Kedua, membuat karakter cerita. Karakter ini terdiri antara lain dari tokoh pahlawan, musuh yang punya kekuatan seimbang atau lebih kuat dari pahlawan, pembimbing, sahabat, tokoh yang kondisi fisik atau psikologisnya berubah-ubah, dan pelawak.
Ketiga, membangun plot atau alur cerita. Keempat, membangun lingkungan yang menggambarkan cerita.
”Saya pernah bertanya ke sineas di (perusahaan hiburan Amerika Serikat) Warner Bros tentang cara film Indonesia masuk Hollywood. Katanya, ada empat cara, pertama kita harus punya pengacara. Kedua, harus ada agensi talenta. Ketiga dan keempat, harus punya pengacara,” kata Suyanto.
Pengacara menjadi salah satu aspek penting untuk menembus industri film Hollywood. Pengacara berperan sebagai orang yang melakukan negosiasi bisnis.
Cerita lokal Indonesia, seperti dongeng dan cerita rakyat, dinilai berpotensi diangkat menjadi film Hollywood. Suyanto berpendapat, cerita lokal belum lengkap. Bagian akhirnya dinilai belum tuntas atau ”menggantung”.
”Dalam sebuah cerita, ada perjalanan yang menjelaskan soal ’aku’, ’keluargaku’, ’masyarakatku’, dan ’rahmat bagi seluruh alam’. Cerita-cerita di Indonesia biasanya masih ada di pola ’aku’ dan ’keluargaku’. Jadi, saya hanya perlu tambahkan 2-3 scene untuk membuat film dengan pola Hollywood,” kata Suyanto.

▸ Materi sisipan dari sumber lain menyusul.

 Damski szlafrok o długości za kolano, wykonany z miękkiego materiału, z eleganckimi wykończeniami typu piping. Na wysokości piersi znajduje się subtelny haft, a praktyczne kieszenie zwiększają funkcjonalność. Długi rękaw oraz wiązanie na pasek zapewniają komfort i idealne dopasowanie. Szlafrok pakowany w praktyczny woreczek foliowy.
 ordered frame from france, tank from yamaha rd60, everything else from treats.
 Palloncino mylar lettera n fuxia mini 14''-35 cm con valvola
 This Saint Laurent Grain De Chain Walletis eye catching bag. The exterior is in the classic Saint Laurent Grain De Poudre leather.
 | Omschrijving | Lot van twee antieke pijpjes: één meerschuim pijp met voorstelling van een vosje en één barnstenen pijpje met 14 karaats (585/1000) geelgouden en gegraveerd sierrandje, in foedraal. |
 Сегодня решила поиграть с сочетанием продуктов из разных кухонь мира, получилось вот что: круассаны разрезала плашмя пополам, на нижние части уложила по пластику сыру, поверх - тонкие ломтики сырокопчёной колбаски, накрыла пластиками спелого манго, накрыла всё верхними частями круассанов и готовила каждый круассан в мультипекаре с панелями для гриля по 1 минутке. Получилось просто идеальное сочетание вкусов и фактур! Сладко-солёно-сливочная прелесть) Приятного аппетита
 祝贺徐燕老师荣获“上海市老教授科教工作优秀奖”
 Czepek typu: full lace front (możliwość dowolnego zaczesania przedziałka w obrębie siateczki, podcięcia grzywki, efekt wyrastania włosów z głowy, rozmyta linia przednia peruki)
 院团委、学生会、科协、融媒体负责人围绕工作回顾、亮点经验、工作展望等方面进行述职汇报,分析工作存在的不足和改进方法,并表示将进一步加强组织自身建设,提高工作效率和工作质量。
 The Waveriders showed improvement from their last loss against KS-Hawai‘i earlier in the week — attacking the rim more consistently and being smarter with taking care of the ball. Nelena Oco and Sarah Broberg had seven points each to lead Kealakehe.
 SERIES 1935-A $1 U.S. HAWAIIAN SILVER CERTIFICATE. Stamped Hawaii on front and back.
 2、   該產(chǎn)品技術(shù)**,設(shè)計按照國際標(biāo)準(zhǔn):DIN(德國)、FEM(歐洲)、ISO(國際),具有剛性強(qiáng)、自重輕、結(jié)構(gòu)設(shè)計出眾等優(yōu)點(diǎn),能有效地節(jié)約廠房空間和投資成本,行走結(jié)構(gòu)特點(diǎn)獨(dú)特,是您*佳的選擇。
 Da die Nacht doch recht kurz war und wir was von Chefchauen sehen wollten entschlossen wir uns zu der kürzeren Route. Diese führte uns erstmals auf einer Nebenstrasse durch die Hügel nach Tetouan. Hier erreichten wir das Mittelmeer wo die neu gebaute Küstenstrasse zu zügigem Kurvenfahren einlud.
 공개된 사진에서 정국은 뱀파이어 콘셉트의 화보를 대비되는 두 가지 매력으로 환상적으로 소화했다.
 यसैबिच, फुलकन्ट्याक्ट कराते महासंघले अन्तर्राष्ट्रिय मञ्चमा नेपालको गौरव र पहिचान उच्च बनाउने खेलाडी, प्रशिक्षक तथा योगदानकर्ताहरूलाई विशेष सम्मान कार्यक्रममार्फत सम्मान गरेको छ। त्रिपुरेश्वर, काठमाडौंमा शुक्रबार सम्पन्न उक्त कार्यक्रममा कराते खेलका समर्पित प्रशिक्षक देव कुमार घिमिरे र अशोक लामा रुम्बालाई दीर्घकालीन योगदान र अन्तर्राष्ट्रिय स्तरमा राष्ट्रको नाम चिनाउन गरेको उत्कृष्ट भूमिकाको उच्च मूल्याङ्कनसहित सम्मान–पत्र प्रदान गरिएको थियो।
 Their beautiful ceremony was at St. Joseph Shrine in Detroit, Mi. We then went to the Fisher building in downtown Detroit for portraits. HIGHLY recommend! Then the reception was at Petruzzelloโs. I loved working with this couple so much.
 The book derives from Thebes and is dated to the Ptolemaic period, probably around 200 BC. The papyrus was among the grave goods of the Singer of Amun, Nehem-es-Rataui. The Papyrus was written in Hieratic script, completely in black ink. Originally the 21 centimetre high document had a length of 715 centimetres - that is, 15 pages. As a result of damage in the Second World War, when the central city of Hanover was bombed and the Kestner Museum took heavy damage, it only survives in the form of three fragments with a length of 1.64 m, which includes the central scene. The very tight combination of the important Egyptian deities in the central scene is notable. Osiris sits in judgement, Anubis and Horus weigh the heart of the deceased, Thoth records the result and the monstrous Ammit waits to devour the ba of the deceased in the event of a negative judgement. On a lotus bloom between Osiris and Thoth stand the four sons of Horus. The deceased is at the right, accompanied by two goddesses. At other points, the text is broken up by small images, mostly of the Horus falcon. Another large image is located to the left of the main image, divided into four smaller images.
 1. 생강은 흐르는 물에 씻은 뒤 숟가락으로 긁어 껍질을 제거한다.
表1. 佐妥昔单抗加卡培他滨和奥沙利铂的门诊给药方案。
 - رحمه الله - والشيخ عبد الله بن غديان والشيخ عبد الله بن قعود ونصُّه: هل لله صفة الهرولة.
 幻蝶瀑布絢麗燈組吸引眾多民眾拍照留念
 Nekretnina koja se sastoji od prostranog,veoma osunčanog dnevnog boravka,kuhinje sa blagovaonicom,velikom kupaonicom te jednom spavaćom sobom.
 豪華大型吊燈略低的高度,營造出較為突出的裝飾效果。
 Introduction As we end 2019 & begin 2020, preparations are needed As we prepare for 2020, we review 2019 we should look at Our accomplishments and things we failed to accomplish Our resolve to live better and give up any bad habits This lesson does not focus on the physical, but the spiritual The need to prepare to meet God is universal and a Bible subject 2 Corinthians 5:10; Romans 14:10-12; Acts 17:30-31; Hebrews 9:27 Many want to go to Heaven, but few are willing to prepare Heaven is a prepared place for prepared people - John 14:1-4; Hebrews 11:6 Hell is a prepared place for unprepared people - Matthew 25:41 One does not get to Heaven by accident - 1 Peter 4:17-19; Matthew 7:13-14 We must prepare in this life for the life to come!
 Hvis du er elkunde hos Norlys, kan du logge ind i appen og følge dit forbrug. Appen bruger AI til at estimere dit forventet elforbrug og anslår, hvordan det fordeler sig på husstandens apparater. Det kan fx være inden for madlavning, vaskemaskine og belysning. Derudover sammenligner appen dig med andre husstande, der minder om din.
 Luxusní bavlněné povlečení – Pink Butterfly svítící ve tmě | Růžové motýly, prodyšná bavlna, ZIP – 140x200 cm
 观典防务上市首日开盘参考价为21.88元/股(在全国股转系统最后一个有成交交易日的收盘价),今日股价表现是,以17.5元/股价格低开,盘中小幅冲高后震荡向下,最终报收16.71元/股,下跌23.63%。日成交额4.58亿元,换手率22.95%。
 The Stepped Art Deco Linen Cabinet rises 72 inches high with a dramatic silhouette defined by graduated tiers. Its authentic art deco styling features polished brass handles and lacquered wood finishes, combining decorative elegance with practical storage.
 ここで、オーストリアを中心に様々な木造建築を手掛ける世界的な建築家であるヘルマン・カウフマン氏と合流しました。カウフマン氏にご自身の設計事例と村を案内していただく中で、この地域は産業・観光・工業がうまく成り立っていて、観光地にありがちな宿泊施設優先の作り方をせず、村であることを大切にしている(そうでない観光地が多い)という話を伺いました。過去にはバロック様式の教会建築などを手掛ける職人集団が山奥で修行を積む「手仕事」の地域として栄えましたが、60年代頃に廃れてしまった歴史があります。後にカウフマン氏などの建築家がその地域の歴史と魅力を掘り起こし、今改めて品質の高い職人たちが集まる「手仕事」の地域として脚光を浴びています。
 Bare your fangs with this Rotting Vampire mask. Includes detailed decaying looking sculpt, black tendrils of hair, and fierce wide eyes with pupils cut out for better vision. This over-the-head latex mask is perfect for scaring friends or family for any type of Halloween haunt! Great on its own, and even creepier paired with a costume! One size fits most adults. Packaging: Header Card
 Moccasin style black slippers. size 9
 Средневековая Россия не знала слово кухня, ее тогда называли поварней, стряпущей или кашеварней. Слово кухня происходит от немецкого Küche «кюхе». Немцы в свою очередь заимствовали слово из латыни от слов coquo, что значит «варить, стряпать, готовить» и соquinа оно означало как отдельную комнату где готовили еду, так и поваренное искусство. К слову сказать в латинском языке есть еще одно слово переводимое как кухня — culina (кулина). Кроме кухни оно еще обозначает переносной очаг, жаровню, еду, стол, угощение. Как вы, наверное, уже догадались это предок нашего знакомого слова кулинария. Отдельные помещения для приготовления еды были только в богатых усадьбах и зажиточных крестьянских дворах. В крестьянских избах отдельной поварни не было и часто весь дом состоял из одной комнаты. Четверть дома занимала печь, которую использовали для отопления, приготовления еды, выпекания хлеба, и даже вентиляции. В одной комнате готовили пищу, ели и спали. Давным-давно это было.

Ia dan Amikom Yogyakarta kini menggarap tujuh video pendek untuk dibawa ke Hollywood. Video itu menceritakan film Ajisaka, Akira, Golden Snail, Crimson Light, Prince of the Sea, Amir Hamzah, dan sebagainya. Pengerjaannya melibatkan dosen, mahasiswa, dan alumni Universitas Amikom Yogyakarta, serta pihak profesional.
Di sisi lain, tahun ini dinilai sebagai pukulan bagi industri film Nusantara. Pandemi Covid-19 memaksa dunia film Indonesia yang sedang jaya di tahun 2019 mandek. Kini sineas berpikir cara bangkit setelah pandemi usai.
Ketua Bidang Advokasi Kebijakan Badan Perfilman Indonesia (BPI) Alex Sihar mengatakan, pandemi mengubah logika bekerja dan berkarya yang selama ini terbangun. Kebudayaan dan bentuk perfilman baru mungkin terbentuk setelah pandemi (Kompas, 31/3/2020).
”Setelah pandemi Covid-19 mereda, bayangan kami apakah bisa kembali normal seperti sebelumnya? Pola konsumsi film berubah tidak? Kami rasa (kita) perlu bersiap memikirkan metode produksi baru, baik padat modal maupun pekerja, sehingga film tetap bisa dinikmati secara daring,” ucap Alex.